> _Data records_
________________

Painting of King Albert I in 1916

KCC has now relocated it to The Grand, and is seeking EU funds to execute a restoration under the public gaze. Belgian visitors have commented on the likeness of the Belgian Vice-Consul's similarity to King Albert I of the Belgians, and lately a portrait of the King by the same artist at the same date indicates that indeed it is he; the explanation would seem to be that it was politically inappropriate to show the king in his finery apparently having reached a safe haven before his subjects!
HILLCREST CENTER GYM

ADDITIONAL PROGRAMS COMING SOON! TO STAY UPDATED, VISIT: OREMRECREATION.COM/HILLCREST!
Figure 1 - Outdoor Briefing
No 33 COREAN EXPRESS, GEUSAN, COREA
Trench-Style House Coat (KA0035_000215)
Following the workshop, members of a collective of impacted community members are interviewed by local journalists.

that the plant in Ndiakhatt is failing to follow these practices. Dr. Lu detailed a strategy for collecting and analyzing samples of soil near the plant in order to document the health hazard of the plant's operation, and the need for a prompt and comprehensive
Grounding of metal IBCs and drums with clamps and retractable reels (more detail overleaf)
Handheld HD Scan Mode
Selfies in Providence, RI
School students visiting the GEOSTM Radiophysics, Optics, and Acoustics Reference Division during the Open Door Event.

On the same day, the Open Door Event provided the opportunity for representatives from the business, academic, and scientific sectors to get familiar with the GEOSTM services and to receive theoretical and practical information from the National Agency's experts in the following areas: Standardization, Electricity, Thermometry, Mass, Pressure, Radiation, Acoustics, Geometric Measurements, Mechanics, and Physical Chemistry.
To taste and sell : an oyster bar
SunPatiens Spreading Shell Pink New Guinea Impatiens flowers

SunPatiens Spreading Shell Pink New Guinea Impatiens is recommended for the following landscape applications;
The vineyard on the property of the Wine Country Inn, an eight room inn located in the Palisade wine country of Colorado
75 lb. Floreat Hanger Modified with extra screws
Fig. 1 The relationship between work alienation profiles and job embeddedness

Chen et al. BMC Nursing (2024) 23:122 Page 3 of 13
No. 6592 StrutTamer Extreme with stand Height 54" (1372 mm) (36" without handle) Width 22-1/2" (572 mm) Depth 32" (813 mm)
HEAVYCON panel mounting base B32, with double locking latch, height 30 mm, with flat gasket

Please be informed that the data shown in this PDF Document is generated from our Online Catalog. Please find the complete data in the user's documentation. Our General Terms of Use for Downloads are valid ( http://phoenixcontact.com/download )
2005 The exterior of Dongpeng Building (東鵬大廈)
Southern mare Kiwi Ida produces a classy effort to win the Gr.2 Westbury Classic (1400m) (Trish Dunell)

________________

> _What to do_
Every line of the listing that includes the word "GEOSTM" forms the answer.

> _Response to this task_
School students visiting the GEOSTM Radiophysics, Optics, and Acoustics Reference Division during the Open Door Event.
On the same day, the Open Door Event provided the opportunity for representatives from the business, academic, and scientific sectors to get familiar with the GEOSTM services and to receive theoretical and practical information from the National Agency's experts in the following areas: Standardization, Electricity, Thermometry, Mass, Pressure, Radiation, Acoustics, Geometric Measurements, Mechanics, and Physical Chemistry.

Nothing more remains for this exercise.